## Exercise instructions
Look below for the line that has "- Bộ nhả kem". Set down the lines from there through the line that has "( 1 ห่อ ) Kanimal", exactly as written.

## Material to process
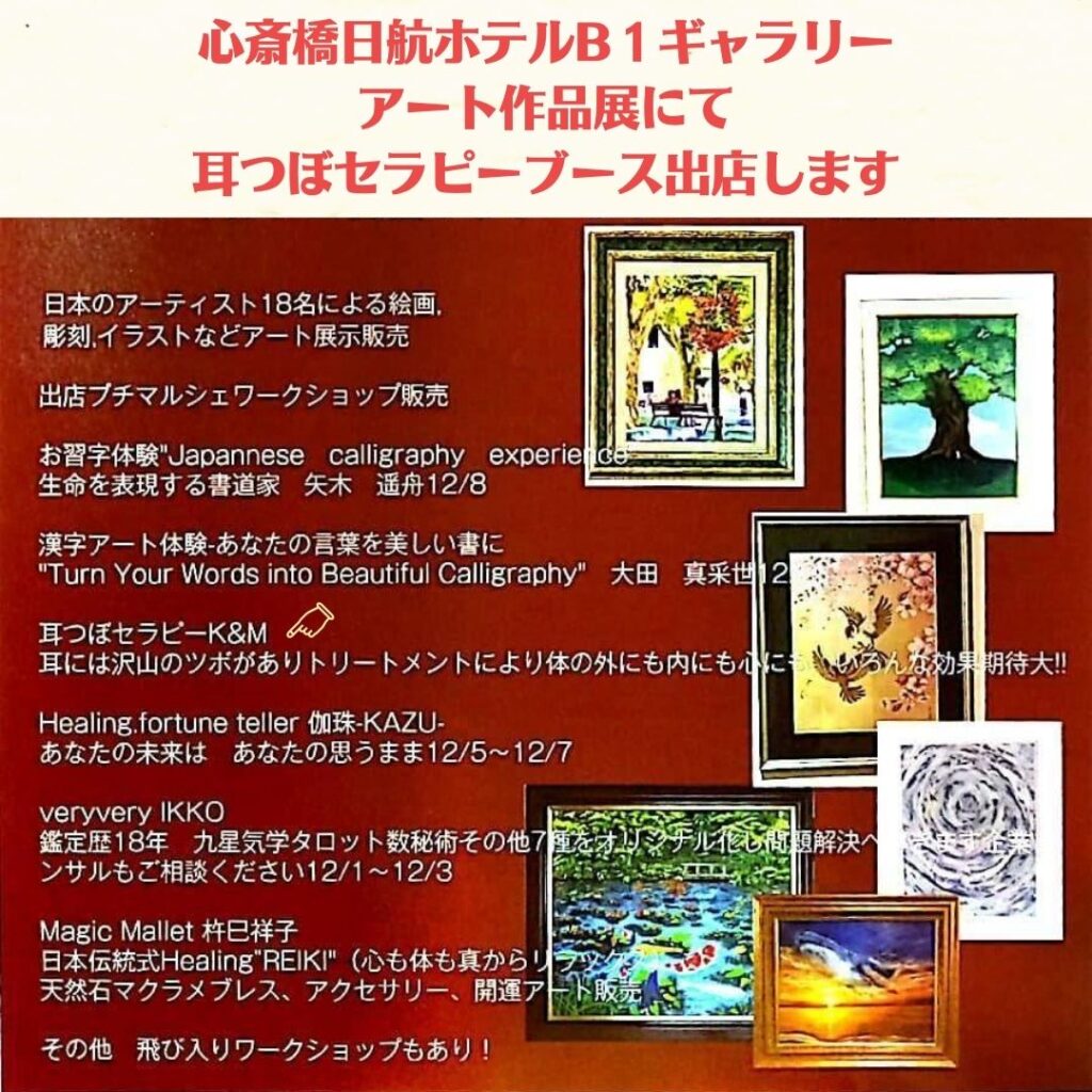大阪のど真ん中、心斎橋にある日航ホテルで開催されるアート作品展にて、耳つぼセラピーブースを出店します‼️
---
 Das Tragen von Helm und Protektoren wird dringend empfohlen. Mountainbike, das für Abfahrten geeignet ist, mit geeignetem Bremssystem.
==
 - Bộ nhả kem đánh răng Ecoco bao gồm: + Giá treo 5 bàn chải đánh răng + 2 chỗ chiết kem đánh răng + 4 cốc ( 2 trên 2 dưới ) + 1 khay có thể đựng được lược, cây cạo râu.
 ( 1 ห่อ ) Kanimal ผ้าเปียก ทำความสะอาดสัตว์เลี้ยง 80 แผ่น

## Exercise result
 - Bộ nhả kem đánh răng Ecoco bao gồm: + Giá treo 5 bàn chải đánh răng + 2 chỗ chiết kem đánh răng + 4 cốc ( 2 trên 2 dưới ) + 1 khay có thể đựng được lược, cây cạo râu.
 ( 1 ห่อ ) Kanimal ผ้าเปียก ทำความสะอาดสัตว์เลี้ยง 80 แผ่น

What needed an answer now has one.